Records from a data source
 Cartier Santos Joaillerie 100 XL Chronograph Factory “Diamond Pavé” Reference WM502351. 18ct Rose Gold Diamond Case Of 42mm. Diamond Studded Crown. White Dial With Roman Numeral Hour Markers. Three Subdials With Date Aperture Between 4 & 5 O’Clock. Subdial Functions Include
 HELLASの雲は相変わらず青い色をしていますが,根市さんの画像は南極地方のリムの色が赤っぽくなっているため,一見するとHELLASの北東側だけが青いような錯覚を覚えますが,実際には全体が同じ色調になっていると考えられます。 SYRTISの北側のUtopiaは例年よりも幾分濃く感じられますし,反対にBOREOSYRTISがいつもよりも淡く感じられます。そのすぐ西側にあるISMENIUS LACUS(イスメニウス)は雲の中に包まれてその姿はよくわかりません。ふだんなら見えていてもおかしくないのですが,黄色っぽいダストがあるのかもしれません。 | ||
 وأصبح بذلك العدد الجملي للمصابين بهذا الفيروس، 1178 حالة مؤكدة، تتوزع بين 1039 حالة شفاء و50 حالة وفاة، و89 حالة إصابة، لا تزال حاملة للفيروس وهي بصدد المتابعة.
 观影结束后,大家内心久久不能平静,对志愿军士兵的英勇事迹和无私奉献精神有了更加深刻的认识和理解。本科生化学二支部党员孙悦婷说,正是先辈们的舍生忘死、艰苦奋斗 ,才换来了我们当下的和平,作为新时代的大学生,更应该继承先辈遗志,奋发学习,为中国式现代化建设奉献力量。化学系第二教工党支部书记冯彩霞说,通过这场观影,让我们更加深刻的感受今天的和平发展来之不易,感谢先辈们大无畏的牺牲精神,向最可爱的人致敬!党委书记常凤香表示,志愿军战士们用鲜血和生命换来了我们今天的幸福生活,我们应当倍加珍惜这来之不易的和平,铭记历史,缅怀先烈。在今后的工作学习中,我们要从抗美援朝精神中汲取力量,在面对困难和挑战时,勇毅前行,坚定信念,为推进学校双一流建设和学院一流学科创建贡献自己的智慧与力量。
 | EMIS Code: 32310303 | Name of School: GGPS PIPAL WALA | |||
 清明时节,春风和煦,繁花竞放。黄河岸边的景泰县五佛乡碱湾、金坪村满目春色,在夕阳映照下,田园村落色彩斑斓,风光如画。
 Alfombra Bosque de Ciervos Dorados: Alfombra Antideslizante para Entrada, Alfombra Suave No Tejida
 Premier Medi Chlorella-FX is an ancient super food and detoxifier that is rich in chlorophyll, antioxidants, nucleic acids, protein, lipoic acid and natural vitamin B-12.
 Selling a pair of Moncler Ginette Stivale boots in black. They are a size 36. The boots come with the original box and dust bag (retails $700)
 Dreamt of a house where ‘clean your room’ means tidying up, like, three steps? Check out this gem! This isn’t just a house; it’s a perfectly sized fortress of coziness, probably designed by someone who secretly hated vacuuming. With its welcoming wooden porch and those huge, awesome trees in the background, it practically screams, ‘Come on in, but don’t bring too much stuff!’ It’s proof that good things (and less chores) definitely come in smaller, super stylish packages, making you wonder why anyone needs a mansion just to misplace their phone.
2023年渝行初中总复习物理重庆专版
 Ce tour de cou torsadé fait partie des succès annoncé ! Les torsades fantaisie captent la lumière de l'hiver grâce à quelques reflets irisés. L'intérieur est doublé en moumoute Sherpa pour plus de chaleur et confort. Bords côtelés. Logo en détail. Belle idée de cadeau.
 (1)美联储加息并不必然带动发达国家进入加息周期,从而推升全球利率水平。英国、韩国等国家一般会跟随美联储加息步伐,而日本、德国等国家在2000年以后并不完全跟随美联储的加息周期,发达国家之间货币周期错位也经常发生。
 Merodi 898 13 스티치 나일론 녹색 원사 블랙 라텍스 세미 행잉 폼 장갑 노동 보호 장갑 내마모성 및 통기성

_EXERCISE DETAILS:_
Recopy the entries above in their entirety, exactly.

_RESPONSE TO THIS TASK:_
 Cartier Santos Joaillerie 100 XL Chronograph Factory “Diamond Pavé” Reference WM502351. 18ct Rose Gold Diamond Case Of 42mm. Diamond Studded Crown. White Dial With Roman Numeral Hour Markers. Three Subdials With Date Aperture Between 4 & 5 O’Clock. Subdial Functions Include
 HELLASの雲は相変わらず青い色をしていますが,根市さんの画像は南極地方のリムの色が赤っぽくなっているため,一見するとHELLASの北東側だけが青いような錯覚を覚えますが,実際には全体が同じ色調になっていると考えられます。 SYRTISの北側のUtopiaは例年よりも幾分濃く感じられますし,反対にBOREOSYRTISがいつもよりも淡く感じられます。そのすぐ西側にあるISMENIUS LACUS(イスメニウス)は雲の中に包まれてその姿はよくわかりません。ふだんなら見えていてもおかしくないのですが,黄色っぽいダストがあるのかもしれません。 | ||
 وأصبح بذلك العدد الجملي للمصابين بهذا الفيروس، 1178 حالة مؤكدة، تتوزع بين 1039 حالة شفاء و50 حالة وفاة، و89 حالة إصابة، لا تزال حاملة للفيروس وهي بصدد المتابعة.
 观影结束后,大家内心久久不能平静,对志愿军士兵的英勇事迹和无私奉献精神有了更加深刻的认识和理解。本科生化学二支部党员孙悦婷说,正是先辈们的舍生忘死、艰苦奋斗 ,才换来了我们当下的和平,作为新时代的大学生,更应该继承先辈遗志,奋发学习,为中国式现代化建设奉献力量。化学系第二教工党支部书记冯彩霞说,通过这场观影,让我们更加深刻的感受今天的和平发展来之不易,感谢先辈们大无畏的牺牲精神,向最可爱的人致敬!党委书记常凤香表示,志愿军战士们用鲜血和生命换来了我们今天的幸福生活,我们应当倍加珍惜这来之不易的和平,铭记历史,缅怀先烈。在今后的工作学习中,我们要从抗美援朝精神中汲取力量,在面对困难和挑战时,勇毅前行,坚定信念,为推进学校双一流建设和学院一流学科创建贡献自己的智慧与力量。
 | EMIS Code: 32310303 | Name of School: GGPS PIPAL WALA | |||
 清明时节,春风和煦,繁花竞放。黄河岸边的景泰县五佛乡碱湾、金坪村满目春色,在夕阳映照下,田园村落色彩斑斓,风光如画。
 Alfombra Bosque de Ciervos Dorados: Alfombra Antideslizante para Entrada, Alfombra Suave No Tejida
 Premier Medi Chlorella-FX is an ancient super food and detoxifier that is rich in chlorophyll, antioxidants, nucleic acids, protein, lipoic acid and natural vitamin B-12.
 Selling a pair of Moncler Ginette Stivale boots in black. They are a size 36. The boots come with the original box and dust bag (retails $700)
 Dreamt of a house where ‘clean your room’ means tidying up, like, three steps? Check out this gem! This isn’t just a house; it’s a perfectly sized fortress of coziness, probably designed by someone who secretly hated vacuuming. With its welcoming wooden porch and those huge, awesome trees in the background, it practically screams, ‘Come on in, but don’t bring too much stuff!’ It’s proof that good things (and less chores) definitely come in smaller, super stylish packages, making you wonder why anyone needs a mansion just to misplace their phone.
2023年渝行初中总复习物理重庆专版
 Ce tour de cou torsadé fait partie des succès annoncé ! Les torsades fantaisie captent la lumière de l'hiver grâce à quelques reflets irisés. L'intérieur est doublé en moumoute Sherpa pour plus de chaleur et confort. Bords côtelés. Logo en détail. Belle idée de cadeau.
 (1)美联储加息并不必然带动发达国家进入加息周期,从而推升全球利率水平。英国、韩国等国家一般会跟随美联储加息步伐,而日本、德国等国家在2000年以后并不完全跟随美联储的加息周期,发达国家之间货币周期错位也经常发生。
 Merodi 898 13 스티치 나일론 녹색 원사 블랙 라텍스 세미 행잉 폼 장갑 노동 보호 장갑 내마모성 및 통기성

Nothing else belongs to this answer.